Das Angebot bei Duschbrausen ist inzwischen groß. Auch hier können Sie ganz nach Ihrem Geschmack zwischen verschiedenen Modellen wählen. Wichtig ist, dass Sie den Wasserstrahl in verschiedenen Stufen regulieren können. Besonders schön: Brausen, unter denen man wie unter einem sanften Regenschauer steht.

Tipps und Tricks

3. Saubere Fugen

Dichtungsfugen an Dusche oder Wanne sind häufig ein Problem im Bad. Weil hier oft das Wasser über längere Zeit steht, machen sich nach einiger Zeit oft hässliche Schimmelpilze breit. Da hilft nur eins: die Fugen müssen erneuert werden.

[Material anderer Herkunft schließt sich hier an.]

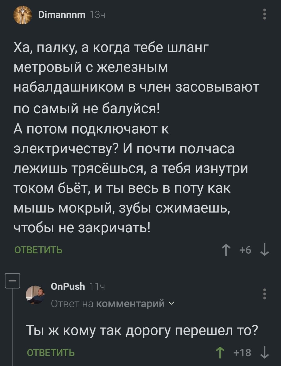 — Ну, подождите, дайте договорить – мне именно к вам нужно! Мы моемся в бане, потом выпиваем и играем в настольную игру – все садятся вокруг журнального столика и выкладывают на него члены. Далее ведущий берёт большую чугунную сковородку, говорит: «Хоп!» и с размаху бьёт ей об стол. За это время нужно успеть убрать...

So geht’s: Schneiden Sie mit einem Cuttermesser entlang der Fuge und entfernen Sie die alte Silikonschicht (am leichtesten geht’s mit einem Fugenhai).

Säubern Sie den Untergrund sehr sorgfältig, damit auch die letzten Pilzsporen verschwinden. Reste von Silikon können Sie mit einem speziellen Silikon-Entferner beseitigen.

Ist der Untergrund trocken, fett- und staubfrei, kleben Sie die Fugenränder mit einem Malerband (Klebeband) beidseitig ab.

Bei sehr tiefen Fugen können Sie wahlweise ein PE-Rundprofil einlegen. Das spart Fugenmasse.

Schneiden Sie die Öffnung der Silikonkartusche entsprechend der Größe der Fuge auf und spritzen Sie die Fuge lückenlos aus. Verwenden Sie dazu Sanitär-Silikon. Das ist wasserabweisend und enthält pilzabtötende Substanzen.

Anschließend Silikon per Fugenstift oder einfach mit dem Finger glätten. Finger dazu vorher mit Spülmittel benetzen!

Nach dem Glattstreichen das Malerband (Klebeband) schräg nach hinten und seitlich von der Fuge wegziehen.